Ruby on my machine encodes strings as IBM437. ('string'.encoding)

When I click save-as on the text document in notepad, it suggests that the
encoding is ANSI.

What can I do so that Ruby reads the text document properly? This is the
first time I have ever run into an encoding problem and I am really
confused.
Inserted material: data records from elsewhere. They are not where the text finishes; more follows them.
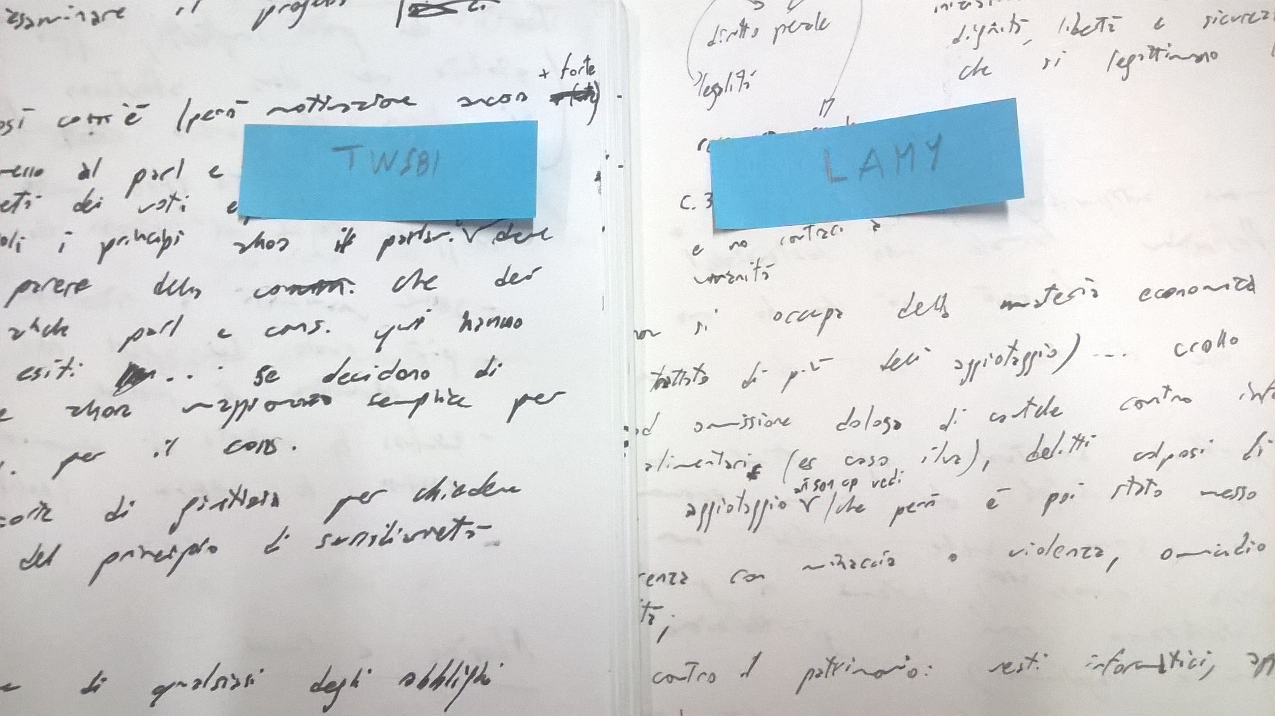 LKopps ha scritto:per un po' ho usato una Twsbi eco con pennino F che mi ha un po' deluso in quanto l'ho trovato decisamente più largo di quello delle Lamy (Safari pennino F, ndr)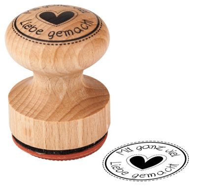 Holzstempel rund "Mit ganz viel Liebe gemacht", 3 cm Ø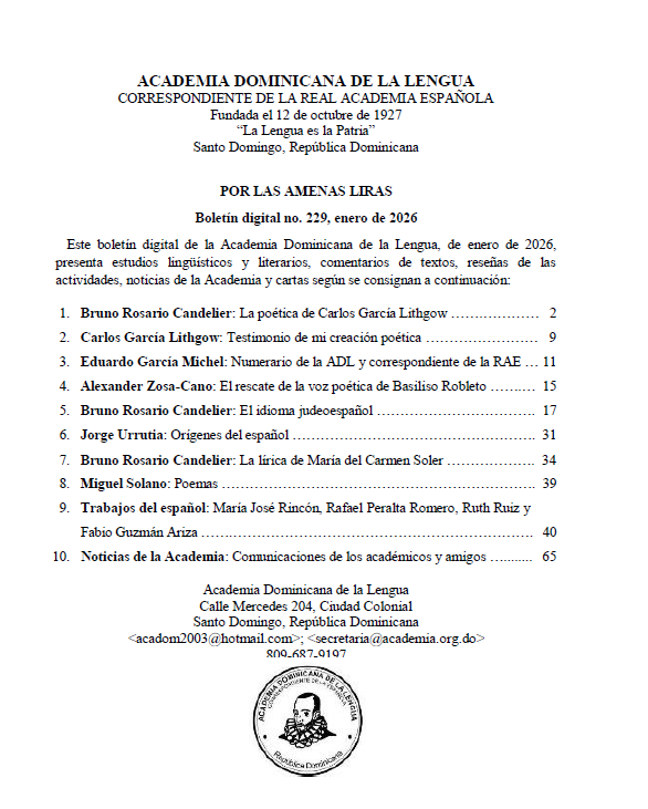 Acceda desde aquí al Boletín mensual de la Academia Dominicana de la Lengua bajo la dirección de Bruno Rosario Candelier, correspondiente al mes de enero de 2026.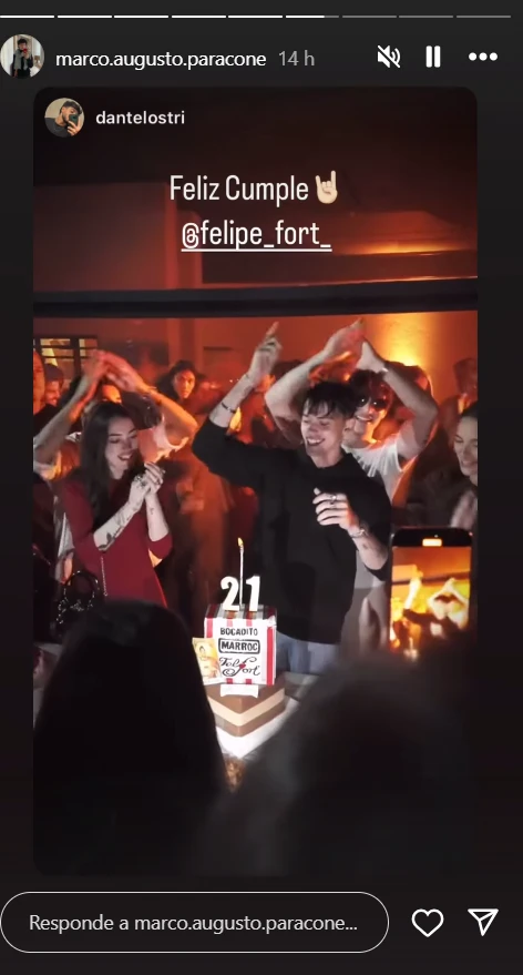 En tanto, en un posteo de uno de los mejores amigos de Felipe también se puede ver con claridad que Priscila no sólo estuvo presente en la celebración sino que también acompañó al joven cuando sus amigos le cantaron el Feliz cumpleaños.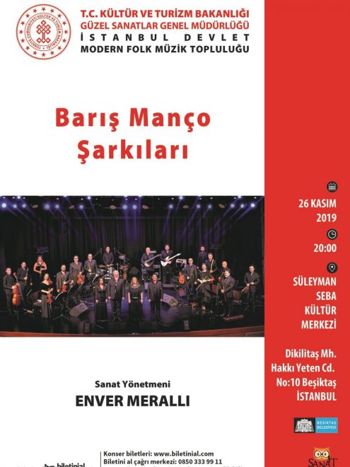 İstanbul Devlet Modern Folk Müzik Topluluğu, "Barış Manço Şarkıları" isimi konser ile Süleyman Seba Kültür Merkezi'nde 26 Kasım Salı günü saat 20:00'da sanatseverlerle buluşuyor.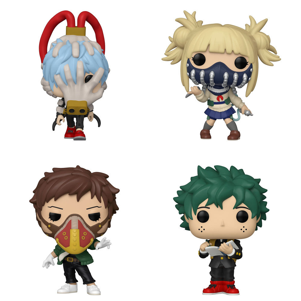 - Four detailed Funko POP! vinyl figures: Shigaraki, Himiko Toga w/ Face Cover, Kai Chisaki (Overhaul), and Deku in Middle School Uniform.

Any help or sugestións would be awesome.

Cheers,
Ben

Unsubscribe: <mailto:ruby-talk-request@ruby-lang.org?subject=unsubscribe>
<http://lists.ruby-lang.org/cgi-bin/mailman/options/ruby-talk>

Robert_K1 · 22 September 2016 15:51

James has blogged about the topic in the past - I found it quite
helpful at the time:

Kind regards

robert

···

On Thu, Sep 22, 2016 at 5:35 PM, Ben <bortiz1988@gmail.com> wrote:

Hey y'all,

I used R to convert a pdf to a text document. I'm using Ruby to parse
through the text document and create a CSV document. When I converted the
pdf to text, I also replaced special characters (Ñ, Ó, Í) to there
non-accented equivalent (N, O, I). When I open up the text document
(notepad) it seems everything was replaced correctly, however, when I read
the text document using ruby in the command line, the non-accented
equivalents can not be read.

Ruby on my machine encodes strings as IBM437. ('string'.encoding)

When I click save-as on the text document in notepad, it suggests that the
encoding is ANSI.

What can I do so that Ruby reads the text document properly? This is the
first time I have ever run into an encoding problem and I am really
confused. Any help or sugestións would be awesome.

--
[guy, jim, charlie].each {|him| remember.him do |as, often| as.you_can
- without end}
http://blog.rubybestpractices.com/

Toshihiko_Ichida · 22 September 2016 21:18

Hi,

What can I do so that Ruby reads the text document properly?

If this means reading a text from a file, here is a way for that.

> copy con test.txt
abc
^Z

> irb
irb(main):001:0> open('test.txt', 'r:ibm437', &:read)
=> "abc\n"
irb(main):002:0>

If we specify just 'r', it means 'r:utf-8' by default.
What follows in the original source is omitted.